Thermal and combined high-temperature and high-pressure behavior of a natural intermediate scapolite

A natural intermediate member of the scapolite solid solution (Me47; experimental chemical formula: (Na1.86Ca1.86K0.23Fe0.01)(Al4.36Si7.64)O24[Cl0.48(CO3)0.48(SO4)0.01]), with the unusual I4/m space group, has been studied at various temperatures and combined high-T and high-P by means of in situ single-crystal and powder X-ray diffraction, at both conventional and synchrotron sources.

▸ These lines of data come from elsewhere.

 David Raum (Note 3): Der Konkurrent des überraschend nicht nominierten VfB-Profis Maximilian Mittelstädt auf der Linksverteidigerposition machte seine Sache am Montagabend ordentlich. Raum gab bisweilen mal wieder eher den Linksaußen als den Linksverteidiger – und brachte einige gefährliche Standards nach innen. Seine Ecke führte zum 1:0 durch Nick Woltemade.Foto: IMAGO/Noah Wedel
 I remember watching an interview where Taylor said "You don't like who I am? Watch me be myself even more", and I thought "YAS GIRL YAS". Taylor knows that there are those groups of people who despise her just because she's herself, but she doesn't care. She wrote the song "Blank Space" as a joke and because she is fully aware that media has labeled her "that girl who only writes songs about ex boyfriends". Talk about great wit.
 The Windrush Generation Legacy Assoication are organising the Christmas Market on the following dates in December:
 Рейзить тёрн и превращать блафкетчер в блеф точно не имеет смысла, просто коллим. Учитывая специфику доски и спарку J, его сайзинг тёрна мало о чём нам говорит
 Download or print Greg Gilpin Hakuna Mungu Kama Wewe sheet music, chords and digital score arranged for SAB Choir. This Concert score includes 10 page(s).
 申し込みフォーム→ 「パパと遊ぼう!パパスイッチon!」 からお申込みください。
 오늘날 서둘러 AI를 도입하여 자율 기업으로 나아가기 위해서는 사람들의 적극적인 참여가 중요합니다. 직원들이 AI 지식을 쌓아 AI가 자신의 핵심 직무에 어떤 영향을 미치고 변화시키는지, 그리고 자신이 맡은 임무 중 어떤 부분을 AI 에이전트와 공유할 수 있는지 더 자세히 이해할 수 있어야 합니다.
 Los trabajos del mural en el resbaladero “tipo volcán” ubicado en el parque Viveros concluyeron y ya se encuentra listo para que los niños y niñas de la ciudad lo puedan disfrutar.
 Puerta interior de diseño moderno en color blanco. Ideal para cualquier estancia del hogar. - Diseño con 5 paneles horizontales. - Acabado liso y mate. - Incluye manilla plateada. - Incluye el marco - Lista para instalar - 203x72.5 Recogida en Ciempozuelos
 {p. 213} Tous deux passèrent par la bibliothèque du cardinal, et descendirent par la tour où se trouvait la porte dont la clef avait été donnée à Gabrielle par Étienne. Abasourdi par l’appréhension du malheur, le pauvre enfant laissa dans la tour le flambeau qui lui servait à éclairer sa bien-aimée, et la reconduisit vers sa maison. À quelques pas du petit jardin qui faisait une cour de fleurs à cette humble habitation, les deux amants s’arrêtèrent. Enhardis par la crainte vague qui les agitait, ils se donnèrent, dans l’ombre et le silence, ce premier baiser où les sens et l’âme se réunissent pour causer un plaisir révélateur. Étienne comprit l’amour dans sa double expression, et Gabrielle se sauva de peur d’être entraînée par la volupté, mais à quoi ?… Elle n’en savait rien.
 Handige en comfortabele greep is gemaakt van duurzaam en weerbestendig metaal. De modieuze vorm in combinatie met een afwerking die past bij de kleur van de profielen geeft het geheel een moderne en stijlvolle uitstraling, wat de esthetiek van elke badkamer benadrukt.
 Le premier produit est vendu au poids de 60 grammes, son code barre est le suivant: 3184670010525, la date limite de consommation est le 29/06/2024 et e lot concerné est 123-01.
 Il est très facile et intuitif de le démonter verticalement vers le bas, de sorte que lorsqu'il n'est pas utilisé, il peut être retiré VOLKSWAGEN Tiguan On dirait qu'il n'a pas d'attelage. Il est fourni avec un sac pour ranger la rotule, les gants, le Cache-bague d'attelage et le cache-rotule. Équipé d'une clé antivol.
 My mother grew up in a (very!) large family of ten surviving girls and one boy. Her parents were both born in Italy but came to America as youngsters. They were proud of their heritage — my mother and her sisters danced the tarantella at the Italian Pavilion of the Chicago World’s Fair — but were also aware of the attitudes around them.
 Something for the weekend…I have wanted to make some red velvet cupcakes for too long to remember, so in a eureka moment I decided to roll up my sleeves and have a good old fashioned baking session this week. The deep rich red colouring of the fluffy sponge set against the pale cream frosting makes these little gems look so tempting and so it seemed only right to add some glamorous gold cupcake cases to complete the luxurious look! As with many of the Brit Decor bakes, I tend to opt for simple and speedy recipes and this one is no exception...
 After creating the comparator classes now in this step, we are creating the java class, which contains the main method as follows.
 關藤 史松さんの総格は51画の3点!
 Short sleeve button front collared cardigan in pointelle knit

In addition, single-crystal neutron diffraction data were collected at ambient-T and 685 °C. A fit of the experimental V-T data with a thermal equation of state yielded a calculated thermal expansion coefficient at ambient conditions: αV25°C = 1/V0·(∂V/∂T)P,25°C = 1.74(3)·10-5 K-1. A comparative analysis of the elastic behavior of scapolite based on this study and other high-T XRD data reported in the literature suggests that a thorough re-investigation of the different members of the marialite-meionite solid solution is needed to fully understand the role of crystal chemistry on the thermal behavior of these complex non-binary solid solutions. The experimental data obtained within the full temperature range of analysis at ambient pressure confirm that the investigated sample always preserves the I4/m space group, and possible implications on the metastability of I4/m intermediate scapolite are discussed. Neutron diffraction data show that no significant Si and Al re-arrangement among the T sites occurs between 25 and 685 °C. The combined high-T and high-P data show that at 650 °C and between 10.30(5) and 10.71(5) GPa a phase transition towards a triclinic polymorph occurs, with a positive Clapeyron slope (i.e., dP/dT > 0). A comprehensive description of the atomic-scale structure deformation mechanisms induced by temperature and/or pressure, including those leading to structural instability, is provided based on single-crystal structure refinements.